Aim of the task> Here the job is to retype the data word for word while leaving the pictures aside.

Provided data>
· · ·

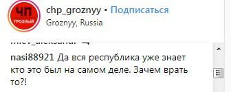 "Да вся республика уже знает, кто это был на самом деле. Зачем врать-то?!" - пишет пользователь под ником nasi88921 в группе "chp_groznyy" соцсети Instagram.
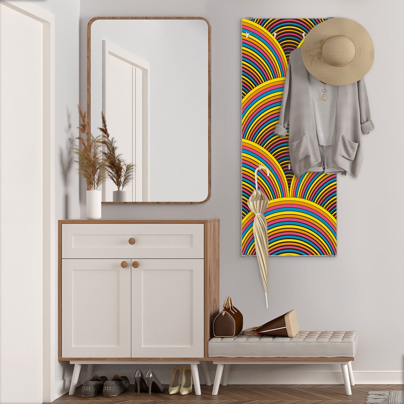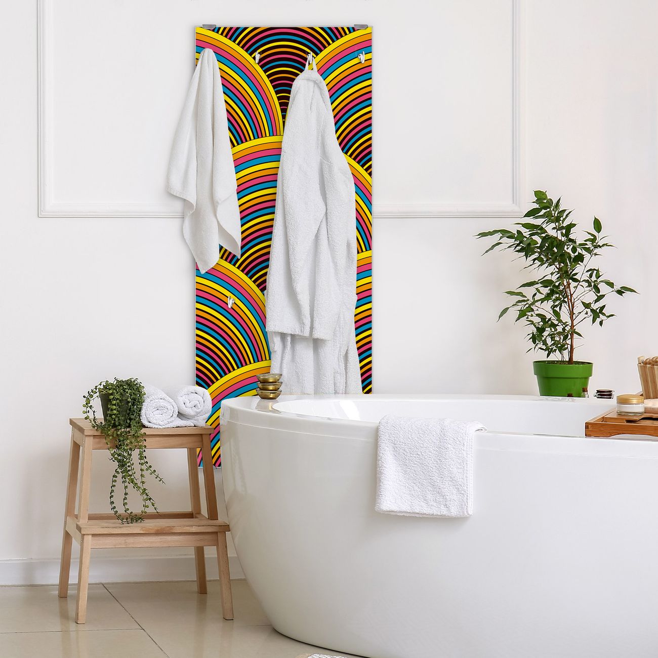 FUNKTION: Die banjado Wandgarderobe mit Motiv Regenbögen ist Ihr täglicher Begleiter. Zuverlässig hängen hier Ihre Jacken und Mäntel griffbereit. Das Echtglas ist Ihr Paneel auch beschreibbar und wieder abwischbar. DESIGN: Sie erhalten eine Garderobenleiste aus elegantem Echtglas mit dem Farbbrillanten Motiv Regenbögen hinterklebt. Das Design ist zeitlos klassisch, ohne dabei auf Funktionalität zu verzichten. Suchen Sie aus einer Vielzahl von Motiven das für Ihre Einrichtung Passende aus. DETAILS: Die Flurgarderobe besteht aus 4mm gehärtetem Sicherheitsglas. Sie ist 50cm breit, 125cm hoch und 6cm tief. Die Garderobenhaken zur Selbstmontage präsentieren sich in Edelstahl-Optik, ebenso die Abstandshalter für die Wandmontage. Ihre neue Garderobe ist sofort einsatzbereit. NUTZEN: Ihre neue Garderobe hält nicht nur zuverlässig Ihre Kleidung, sie ist auch optisch ein Blickfang. Durch das Glas können Sie an der Garderobe mit wasserlöslichen Kreidestiften oder Whiteboard-Markern auch Nachrichten hinterlassen. BANJADO: Wir sind ein kleines kreatives Team aus Sachsen und entwickeln Produkte die Design und Funktionalität verbinden sollen. Viel Freude mit Ihrer neuen Garderobe wünscht das banjado-Team!
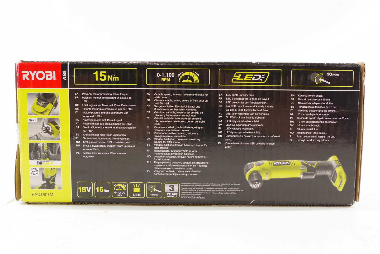 Bilder VINKELBORRMASKIN 18V, Ryobi Ny OBS! 25% moms tillkommer på klubbat pris.

· · ·

Exercise result>
 "Да вся республика уже знает, кто это был на самом деле. Зачем врать-то?!" - пишет пользователь под ником nasi88921 в группе "chp_groznyy" соцсети Instagram.
 FUNKTION: Die banjado Wandgarderobe mit Motiv Regenbögen ist Ihr täglicher Begleiter. Zuverlässig hängen hier Ihre Jacken und Mäntel griffbereit. Das Echtglas ist Ihr Paneel auch beschreibbar und wieder abwischbar. DESIGN: Sie erhalten eine Garderobenleiste aus elegantem Echtglas mit dem Farbbrillanten Motiv Regenbögen hinterklebt. Das Design ist zeitlos klassisch, ohne dabei auf Funktionalität zu verzichten. Suchen Sie aus einer Vielzahl von Motiven das für Ihre Einrichtung Passende aus. DETAILS: Die Flurgarderobe besteht aus 4mm gehärtetem Sicherheitsglas. Sie ist 50cm breit, 125cm hoch und 6cm tief. Die Garderobenhaken zur Selbstmontage präsentieren sich in Edelstahl-Optik, ebenso die Abstandshalter für die Wandmontage. Ihre neue Garderobe ist sofort einsatzbereit. NUTZEN: Ihre neue Garderobe hält nicht nur zuverlässig Ihre Kleidung, sie ist auch optisch ein Blickfang. Durch das Glas können Sie an der Garderobe mit wasserlöslichen Kreidestiften oder Whiteboard-Markern auch Nachrichten hinterlassen. BANJADO: Wir sind ein kleines kreatives Team aus Sachsen und entwickeln Produkte die Design und Funktionalität verbinden sollen. Viel Freude mit Ihrer neuen Garderobe wünscht das banjado-Team!
 Bilder VINKELBORRMASKIN 18V, Ryobi Ny OBS! 25% moms tillkommer på klubbat pris.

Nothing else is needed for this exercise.